Adolfo Suárez

Uit Wikipedia, de vrije encyclopedie
Adolfo Suárez
Adolfo Suárez
Volledige naam Adolfo Suárez González
Geboren 25 september 1932
Overleden 23 maart 2014
Partij UCD
Titulatuur Eerste Hertog van Suarez
Partner Amparo Illana Elórtegui
Bestuurlijke loopbaan
1968-1969 Gouverneur (Segovia)
1969-1975 Hoofddirecteur RTVE
1975-1976 minister
1977-1979 minister-president
1979-1981 minister-president
Handtekening
Portaal  Portaalicoon   Politiek
Spanje

Adolfo Suárez y González, Eerste Hertog van Suarez (Cebreros, 25 september 1932Madrid, 23 maart 2014[1]), was een Spaans politicus. Hij was de eerste democratisch gekozen minister-president van Spanje na de dictatuur van de fascistische generaal Franco. Adolfo Suárez y González speelde een beslissende rol bij de overgang van de dictatuur van Franco naar de huidige Spaanse parlementaire democratie.

Levensloop[bewerken | brontekst bewerken]
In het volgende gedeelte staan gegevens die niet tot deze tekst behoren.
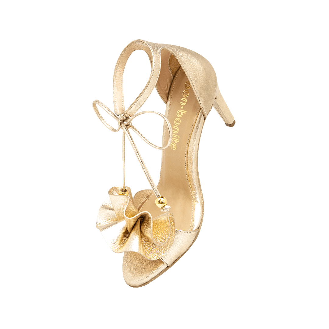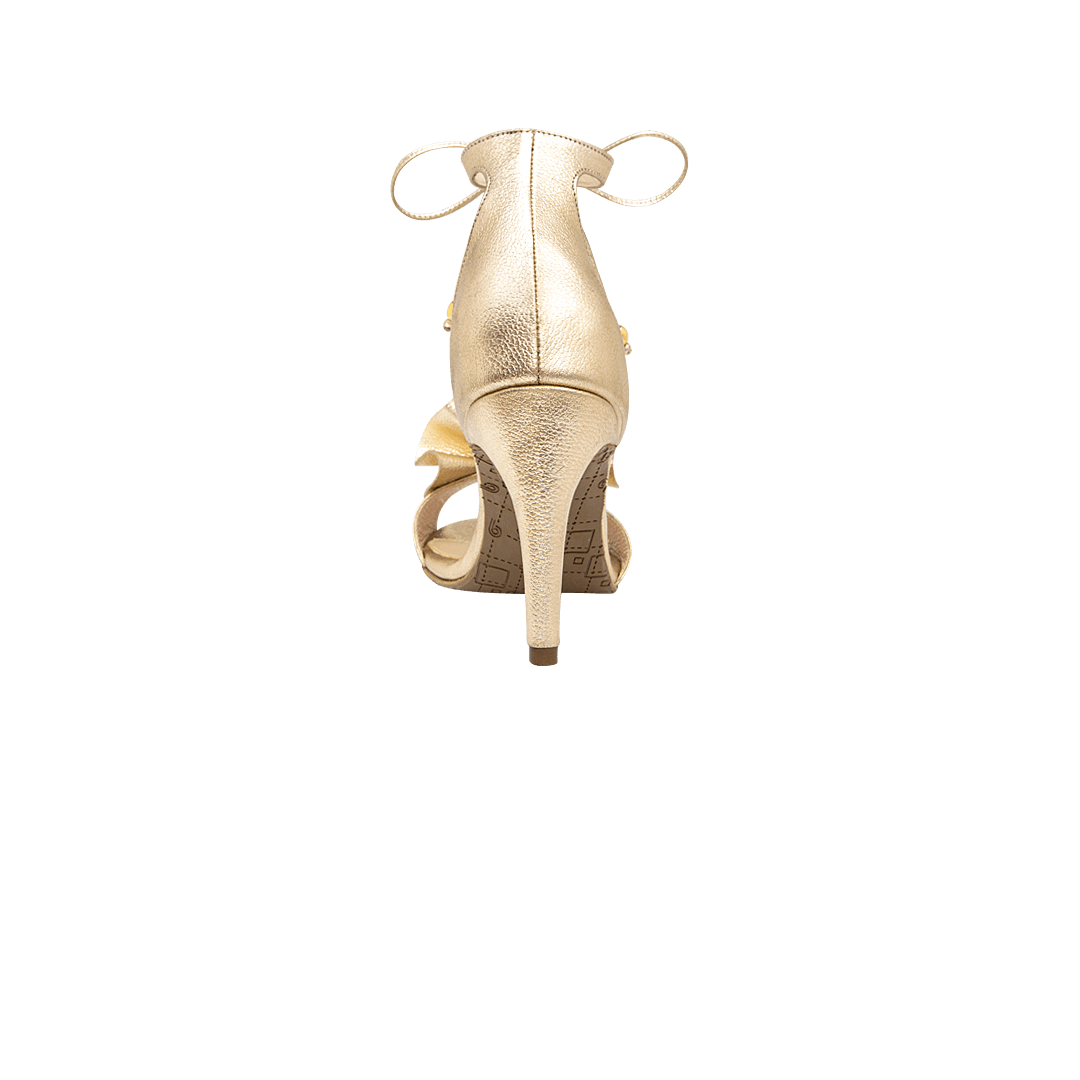 ¡Elegancia en cada paso! • Sandalia de tacón para mujer en cuero metalizado color oro nuevo • Capellada con moño decorativo en cuero • Acabado en punta ovalada • Tacón geométrico forrado en cuero • Hecho a mano en Colombia.

Na zijn studie rechten te hebben voltooid aan de Universiteit van Salamanca bekleedde Adolfo Suárez verschillende functies binnen de regering van Franco. In 1958 werd hij onderdeel van het algemeen secretariaat van de Movimiento Nacional, de enige politieke partij onder Franco, voortgekomen uit de falange. Binnen de partij steeg hij langzaam op. In 1967 werd hij procureur in het kabinet namens Ávila en in 1968 werd hij gouverneur voor Segovia. In 1969 werd hij Hoofddirecteur bij de TVE (Televisión Española), waar hij al sinds 1964 verschillende functies had bekleed. In april 1975 werd hij, mede dankzij de invloed van Fernando Herrero Tejedor, een lid van Opus Dei, benoemd tot vice-secretaris-generaal van de Movimiento, een post die hij innam totdat Herrero Tejedor op 13 juni sterft. Na de dood van Franco wordt hij op 11 december 1975 minister in de regering van Carlos Arias Navarro.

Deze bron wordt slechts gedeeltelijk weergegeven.